For the continuation phase (when the metronome had stopped), we calculated the intervals between taps (inter-tap-interval, ITI, in ms) and its standard deviation (SD ITI in ms). We then de-trended the continuation taps by fitting a regression line to the ITIs over time, reporting the slope of this line and taking the residual variability from this line. In this way, we compensated for the fact that participants tend to speed up or slow down –. The slope of this line fit indicated the tempo drift.
In order to compare performance of the three groups, we performed between-participants ANOVAs.
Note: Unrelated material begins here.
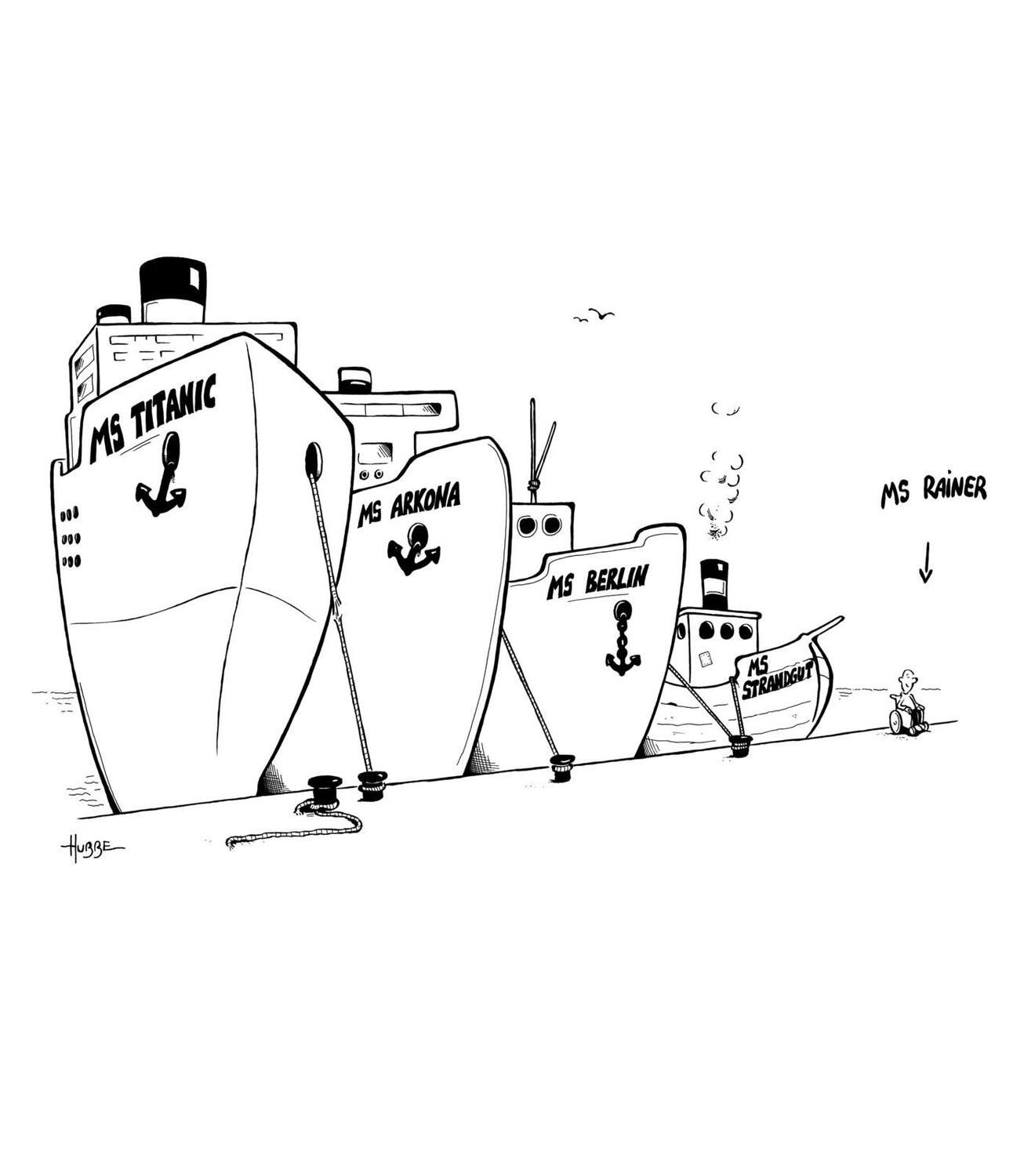 Wir feiern 20 Jahre Behinderte Cartoons von Phil Hubbe!Phil Hubbe, selbst an Multipler Sklerose (MS) erkrankt, zeichnet seit über 20 Jahren Cartoons über das Leben mit Behinderungen. Er thematisiert den oft schwierigen Alltag und die absurden Situationen, die Betroffene meistern müssen. Wo man verzweifeln könnte, schafft er mit viel Humor Raum für befreiendes Lachen und neuen Mut. Phil Hubbe ist selbst sehr aktiv und macht auch international Ausstellungen und Lesungen. Seine Werke sorgen für viel positive Resonanz bei Betroffenen und Angehörigen.

We tested for homogeneity of variance using Levene's Test, and report where it was significant. We report generalised effect sizes ηG2 . Follow-up comparisons were calculated using Tukey's HSD method.
The data collected within the framework of this study are made available freely online (http://dx.doi.org/10.6084/m9.figshare.878062).
We discarded 17.0% of all blocks because of catch trial errors, and a further 2.3% because of lack of threshold convergence. Four participants (2 pianists, 2 brass players) had no remaining blocks and were eliminated from further analyses. For the other participants, we calculated the average of the thresholds on the basis of the remaining 2.6 (SD 0.7) blocks.
The distribution of thresholds of all participants in all groups combined was significantly non-normal [Shapiro-Wilk normality test W = .86, p = .00003], and therefore we continued statistical analyses with log-transformed thresholds. These did not violate normality assumptions [Shapiro-Wilk W = .98, p = .71]. The main effect of group (pianist, brass, nonmusician) on delay detection threshold was significant [F(2,49) = 6.40, p = .003, ηG2 = .21]. Post-hoc Tukey HSD contrasts indicated that the non-musicians' threshold was higher than those of the pianists [p = .01] and than those of the brass players [p = .006]. The brass players and pianists' thresholds were not significantly different [p = .93] (Figure 1A). Among the brass players, we found that those who played piano as their second instrument (N = 11) had a lower delay detection threshold (M = 83.0, SD = 42.5) than those who did not (N = 5) (M = 116.2, SD = 70.0). However, this difference was not significant [t(7.3) = 1.09, p = .31]. Furthermore, the brass players that did not have piano as their second instrument (N = 5) did not show a higher delay detection threshold than pianists [t(7.8) = −.50, p = .63].
We discarded 11.1% of all blocks because of catch trial errors, but no further blocks were discarded because all had properly converged. Two participants (1 brass, 1 pianist) had no blocks remaining (based on the first criterion) and were eliminated from further analyses. For the other participants, we averaged the remaining 2.7 (SD = 0.6) blocks into a single threshold value per participant.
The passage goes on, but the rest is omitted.